Consistent reporting is essential for the comparability and synthesis of results across studies. While studies in our review followed the guidelines from Gratz and Roemer (2) by providing standard deviations for the summed scale items, other reporting formats, such as reporting mean scores to reflect the original Likert-scale (28,29) or using median scores to reflect non-normal distributions (30), are also prevalent. The variation in reporting formats challenges the interpretation and replication of results. To enhance standardization, future research should consider following the reporting practice proposed by Gratz and Roemer.
Missing data and outliers can have a significant impact on results by distorting statistical analyses, thereby leading to inaccurate conclusions (31,32). Of the 34 included studies in our reference interval calculation, only six explicitly addressed missing data, using either methods such as series mean imputation (33,34,35) or multilevel modeling (36,37,38). Only one study explicitly accounted for outliers, albeit in generic terms stating to use “a Boxplot method to deal with outliers” (35). The lack of consistent handling of missing data and outliers raises concerns about the robustness and validity of the reported findings.
Observed variability in the reference interval may be influenced by sociodemographic factors, including age, sex, and nationality. Preliminary work suggests that the psychometric properties of the DERS-36 are consistent across sociodemographic groups in young adults (39). Future studies should explore whether this consistency holds for adolescents, as differences in sociodemographic characteristics could affect the generalizability of the reference interval for normative emotion regulation in youths.
The primary goal of establishing a reference interval was to distinguish between normal and abnormal emotion regulation. Following the work of Schulte-van-Maaren et al. (40) on reference intervals for anxiety measures, we recognize the need for inclusion of participants with varied levels of psychopathology to improve the representativeness of the reference intervals. Though not necessarily symptom-free, the participants should however be psychiatrically healthy, which we cannot ensure in the studies included as community-based populations. Thus, an imperative question on how to define normality remains.
Given the five issues outlined above, along with the significant variability in DERS-T scores across studies, we caution against interpreting the reference interval from the DERS-36 as definitively representing normative emotion regulation in youth. Further validation is necessary to establish the diagnostic accuracy and research validity of this reference interval.
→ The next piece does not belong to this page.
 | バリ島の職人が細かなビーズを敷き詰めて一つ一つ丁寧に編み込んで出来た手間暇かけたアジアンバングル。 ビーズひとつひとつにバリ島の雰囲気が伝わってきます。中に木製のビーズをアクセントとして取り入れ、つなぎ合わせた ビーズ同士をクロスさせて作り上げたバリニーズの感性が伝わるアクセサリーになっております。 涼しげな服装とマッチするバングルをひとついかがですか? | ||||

Future studies should re-evaluate the threshold through a more comprehensive systematic review, incorporating additional databases and multiple assessors and ideally conduct a meta-analysis to determine whether DERS scores reliably differentiate between normative emotional regulation and clinically significant dysregulation.
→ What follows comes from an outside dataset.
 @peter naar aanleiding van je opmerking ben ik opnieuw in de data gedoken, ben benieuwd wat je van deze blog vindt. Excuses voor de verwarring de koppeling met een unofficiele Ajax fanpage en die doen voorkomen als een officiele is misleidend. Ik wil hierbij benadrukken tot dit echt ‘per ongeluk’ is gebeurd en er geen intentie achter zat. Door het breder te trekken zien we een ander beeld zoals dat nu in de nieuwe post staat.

In conclusion, the 90% reference interval for the DERS-36 total score in youths, derived from community-based and healthy volunteer-based studies included in this literature review, is not sufficiently reliable for guiding clinical and scientific interpretation. The considerable heterogeneity in the application and reporting of the DERS-36 across studies limits the generalizability of the findings and underscores the need for caution when interpreting results. To validate the proposed reference interval, future research should conduct a meta-analysis, adhering to established methodological guidelines, to ensure greater consistency and reliability in the interpretation of DERS-36 scores.